** Problem to solve **
The full set of lines below has to be duplicated exactly, with no picture kept.

** Stored data **
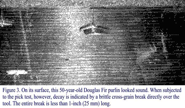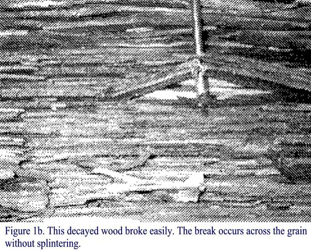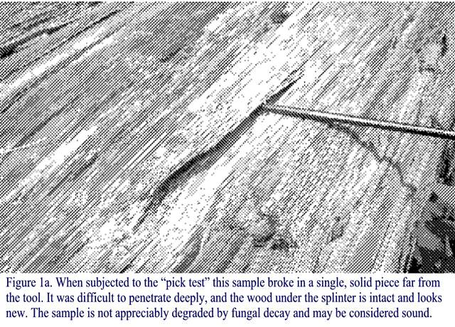 hausdok Posted August 8, 2005 Report Posted August 8, 2005 Detecting Early Wood Decay by Cheryl A. Anderson, Joseph R. Loferski and Dr. Frank E. Woeste, P.E. When asked to evaluate an existing wood structure, a structural inspector is concerned with two factors: building code conformance and structural integrity. Assuming all applicable codes are met, a close look at the connections and materials used is required to determine if they are capable of supporting the design loads. Initial designs are based on the assumptions of the use of sound graded lumber and allowable stress values for the grades used. From a structural engineer's point of view, the design and construction can only be valid for future service if the material is in its original condition, free of degradation. Several factors can contribute to the degradation of lumber, including fungal decay. The purpose of this Wood Bits? is to introduce and demonstrate the use of the "pick test"? as a tool for evaluating the condition of lumber and timbers that may contain early stages of fungal decay. Decay Facts Detection of early fungal decay is an important part of the evaluation of existing wood construction. Once such decay has set in it continuously grows and expands, further degrading the wood and eventually compromising the strength of the element. Fungal decay is common in areas near fasteners, joints, checks, end grain, paint discoloration, and where lumber and timbers are in contact with or near soil. The culprit is a form of primitive plant life. Requiring the presence of liquid water in the wood cells, decay fungi only attack wet wood. Protecting untreated wood from water is therefore critical to long-term durability. Decay fungi such as brown rot attack the cell wall material of wood, causing great losses in strength. For example, research indicates that with as little as a 3-percent weight loss due to decay fungi attack, there can be as much as a 70-percent loss of strength (Eslyn et al., 1979). Unfortunately, such small amounts of damage are difficult to detect visually without the use of a microscope (Forest Products Laboratory, 1999). The first strength property to be affected is toughness: the ability to withstand impact(Forest Products laboratory, 1999). With just a 1-percent weight loss wood loses 6 to 50 percent of its toughness, and with a 10-percent weight loss over 50 percent of toughness is lost. The "pick test"? described below is based on toughness and has been proven to detect decay with as little as 5- to 10-percent weight loss (Wilcox, 1983). The Pick Test The test involves using an ice pick to penetrate the wood surface in an area where fungal decay is likely or suspected. Similar tools such as an awl or even a small screwdriver can also be used. After penetrating the wood, the tool is rotated to pry a splinter, parallel to the grain, away from the surface. The appearance of the broken splinter is then used to determine if the piece is decayed. Because different species have different densities and all lumber is affected to some degree by its environment, applying the pick test in an area where the wood is known to be sound is a recommended means of establishing a "control"? for the remainder of the inspection. The test should be conducted in a late-wood zone (the darker and more dense wood fiber that forms during the later, dry part of the yearly growth cycle), although the test may also work in early wood zones. Then begin testing areas that are conducive to fungal decay, noting how much pressure is required to penetrate the surface. The penetration depth should be about ?-inch (6.4 mm). Pry out a small amount of the surface wood and compare the results to those of the non- decayed "control"? sample. Wilcox (1983) identifies three distinct modes of failure for decayed and non-decayed wood. Non-decayed wood will generally fail with either a fibrous failure or a splintering break, as shown in Figures 1a and 2 (Click images to enlarge). Decayed wood will have a brash, brittle failure with breaks directly over the tool. Very few splinters, if any, will appear and the break will occur across the grain, as shown in Figures 1b and 3. The samples pictured in Figures 1a and 1b were taken from a salvaged Douglas Fir log yard. Because the exterior of each is similarly weathered, they could be mistaken for being in comparable condition based solely on visual inspection. In a fibrous failure, the splinters are long and separate from the surface far from the tool, as shown in Figure 2 (virgin Douglas Fir), whereas a splintering break typically occurs directly over the tool with numerous splinters. Sound wood is very dense and in such good condition that penetration is difficult. The sound caused by the break can also be an indication of the quality of the wood. With non-decayed wood, the sound will be what one expects to hear when wood breaks. In contrast, when decayed wood breaks the sound will not be as loud and is sometimes barely audible. Conclusions The pick test is a simple, subjective test that is useful in detecting decay near the surface of wood members. With experience, the user will be able to identify fungal decay more readily and detect the subtle differences between decayed and non-decayed areas. The test is especially useful for inspections in which only knowledge of the presence of decay is needed. For example, we recommend that wooden members be replaced if any decay is detected in a residential deck or balcony. Due consideration should always be given to whether or not the lumber is pressure preservative treated when requiring the replacement of elements, and in determining the presence or extent of decay in large structures or where members are very costly or difficult to replace, additional tests such as coring, stress-wave mapping or even X-rays analysis should be considered. Questions and comments are welcome and may be sent to Dr. Woeste via e-mail at fwoeste@vt.edu. References Forest Products
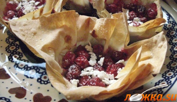 2 куска теста фило нарезать на ленты шириной 1 см, смочить их растительным маслом и выложить на фрукты.
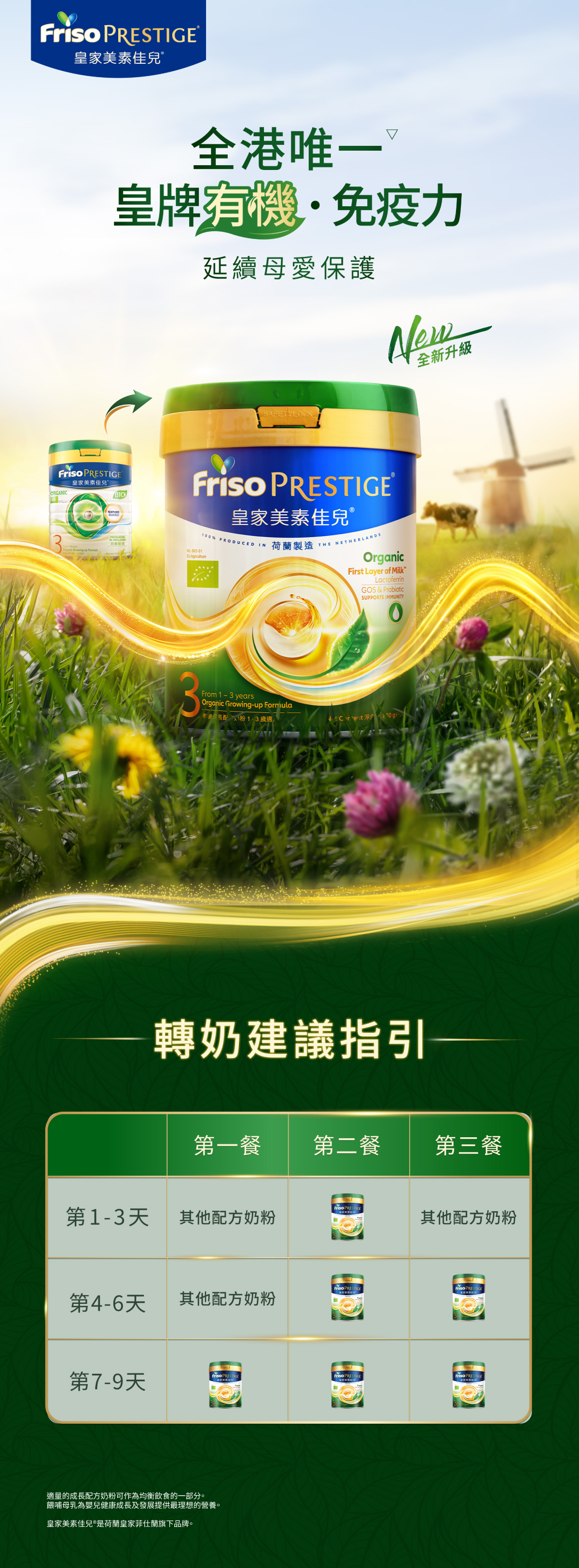 [3] 根據截至 2025 年 12 月的市場調查,有機荷蘭皇家美素佳兒®是香港市場上唯一奶源源自荷蘭有機自家農場的有機嬰幼兒配方奶粉產品。
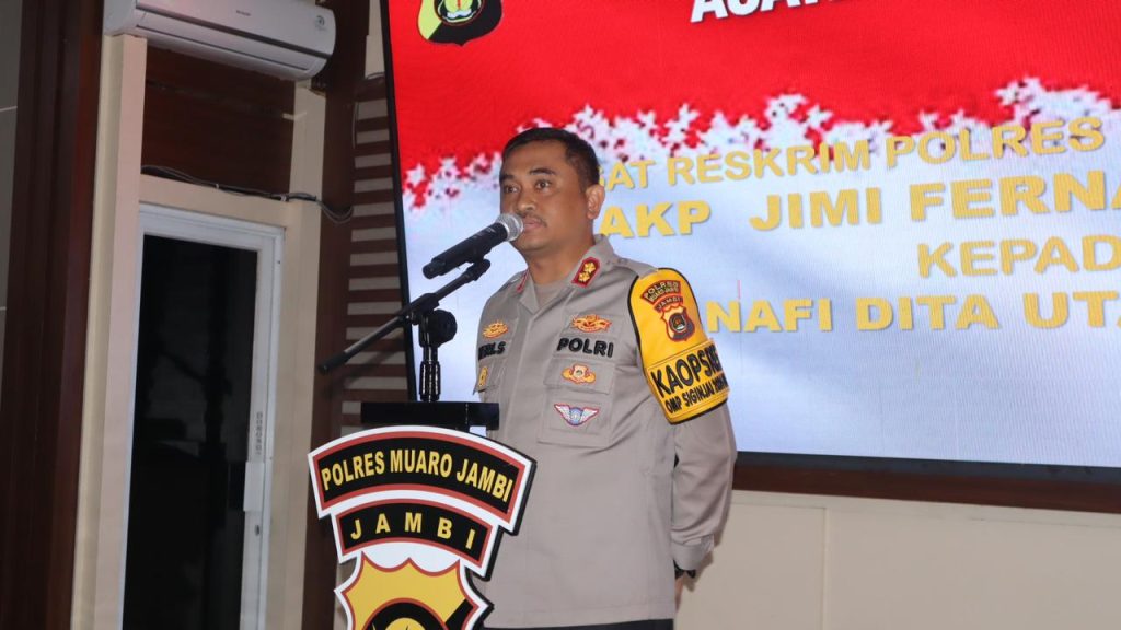Penyampaian Kasat Reskrim Polres Muaro Jambi AKP Hanafi Dita Utama, S.T.K., S.I.K. “Saya mengucapkan terima kasih atas kesempatan dan amanah yang diberikan kepada saya untuk bergabung sebagai bagian dari Polres Muaro Jambi. Sebuah kehormatan dan tanggung jawab besar untuk dapat melanjutkan tugas yang sebelumnya dijalankan dengan sangat baik oleh AKP Jimi Fernando, S.I.K.

** Solved exercise **
 hausdok Posted August 8, 2005 Report Posted August 8, 2005 Detecting Early Wood Decay by Cheryl A. Anderson, Joseph R. Loferski and Dr. Frank E. Woeste, P.E. When asked to evaluate an existing wood structure, a structural inspector is concerned with two factors: building code conformance and structural integrity. Assuming all applicable codes are met, a close look at the connections and materials used is required to determine if they are capable of supporting the design loads. Initial designs are based on the assumptions of the use of sound graded lumber and allowable stress values for the grades used. From a structural engineer's point of view, the design and construction can only be valid for future service if the material is in its original condition, free of degradation. Several factors can contribute to the degradation of lumber, including fungal decay. The purpose of this Wood Bits? is to introduce and demonstrate the use of the "pick test"? as a tool for evaluating the condition of lumber and timbers that may contain early stages of fungal decay. Decay Facts Detection of early fungal decay is an important part of the evaluation of existing wood construction. Once such decay has set in it continuously grows and expands, further degrading the wood and eventually compromising the strength of the element. Fungal decay is common in areas near fasteners, joints, checks, end grain, paint discoloration, and where lumber and timbers are in contact with or near soil. The culprit is a form of primitive plant life. Requiring the presence of liquid water in the wood cells, decay fungi only attack wet wood. Protecting untreated wood from water is therefore critical to long-term durability. Decay fungi such as brown rot attack the cell wall material of wood, causing great losses in strength. For example, research indicates that with as little as a 3-percent weight loss due to decay fungi attack, there can be as much as a 70-percent loss of strength (Eslyn et al., 1979). Unfortunately, such small amounts of damage are difficult to detect visually without the use of a microscope (Forest Products Laboratory, 1999). The first strength property to be affected is toughness: the ability to withstand impact(Forest Products laboratory, 1999). With just a 1-percent weight loss wood loses 6 to 50 percent of its toughness, and with a 10-percent weight loss over 50 percent of toughness is lost. The "pick test"? described below is based on toughness and has been proven to detect decay with as little as 5- to 10-percent weight loss (Wilcox, 1983). The Pick Test The test involves using an ice pick to penetrate the wood surface in an area where fungal decay is likely or suspected. Similar tools such as an awl or even a small screwdriver can also be used. After penetrating the wood, the tool is rotated to pry a splinter, parallel to the grain, away from the surface. The appearance of the broken splinter is then used to determine if the piece is decayed. Because different species have different densities and all lumber is affected to some degree by its environment, applying the pick test in an area where the wood is known to be sound is a recommended means of establishing a "control"? for the remainder of the inspection. The test should be conducted in a late-wood zone (the darker and more dense wood fiber that forms during the later, dry part of the yearly growth cycle), although the test may also work in early wood zones. Then begin testing areas that are conducive to fungal decay, noting how much pressure is required to penetrate the surface. The penetration depth should be about ?-inch (6.4 mm). Pry out a small amount of the surface wood and compare the results to those of the non- decayed "control"? sample. Wilcox (1983) identifies three distinct modes of failure for decayed and non-decayed wood. Non-decayed wood will generally fail with either a fibrous failure or a splintering break, as shown in Figures 1a and 2 (Click images to enlarge). Decayed wood will have a brash, brittle failure with breaks directly over the tool. Very few splinters, if any, will appear and the break will occur across the grain, as shown in Figures 1b and 3. The samples pictured in Figures 1a and 1b were taken from a salvaged Douglas Fir log yard. Because the exterior of each is similarly weathered, they could be mistaken for being in comparable condition based solely on visual inspection. In a fibrous failure, the splinters are long and separate from the surface far from the tool, as shown in Figure 2 (virgin Douglas Fir), whereas a splintering break typically occurs directly over the tool with numerous splinters. Sound wood is very dense and in such good condition that penetration is difficult. The sound caused by the break can also be an indication of the quality of the wood. With non-decayed wood, the sound will be what one expects to hear when wood breaks. In contrast, when decayed wood breaks the sound will not be as loud and is sometimes barely audible. Conclusions The pick test is a simple, subjective test that is useful in detecting decay near the surface of wood members. With experience, the user will be able to identify fungal decay more readily and detect the subtle differences between decayed and non-decayed areas. The test is especially useful for inspections in which only knowledge of the presence of decay is needed. For example, we recommend that wooden members be replaced if any decay is detected in a residential deck or balcony. Due consideration should always be given to whether or not the lumber is pressure preservative treated when requiring the replacement of elements, and in determining the presence or extent of decay in large structures or where members are very costly or difficult to replace, additional tests such as coring, stress-wave mapping or even X-rays analysis should be considered. Questions and comments are welcome and may be sent to Dr. Woeste via e-mail at fwoeste@vt.edu. References Forest Products
 2 куска теста фило нарезать на ленты шириной 1 см, смочить их растительным маслом и выложить на фрукты.
 [3] 根據截至 2025 年 12 月的市場調查,有機荷蘭皇家美素佳兒®是香港市場上唯一奶源源自荷蘭有機自家農場的有機嬰幼兒配方奶粉產品。
Penyampaian Kasat Reskrim Polres Muaro Jambi AKP Hanafi Dita Utama, S.T.K., S.I.K. “Saya mengucapkan terima kasih atas kesempatan dan amanah yang diberikan kepada saya untuk bergabung sebagai bagian dari Polres Muaro Jambi. Sebuah kehormatan dan tanggung jawab besar untuk dapat melanjutkan tugas yang sebelumnya dijalankan dengan sangat baik oleh AKP Jimi Fernando, S.I.K.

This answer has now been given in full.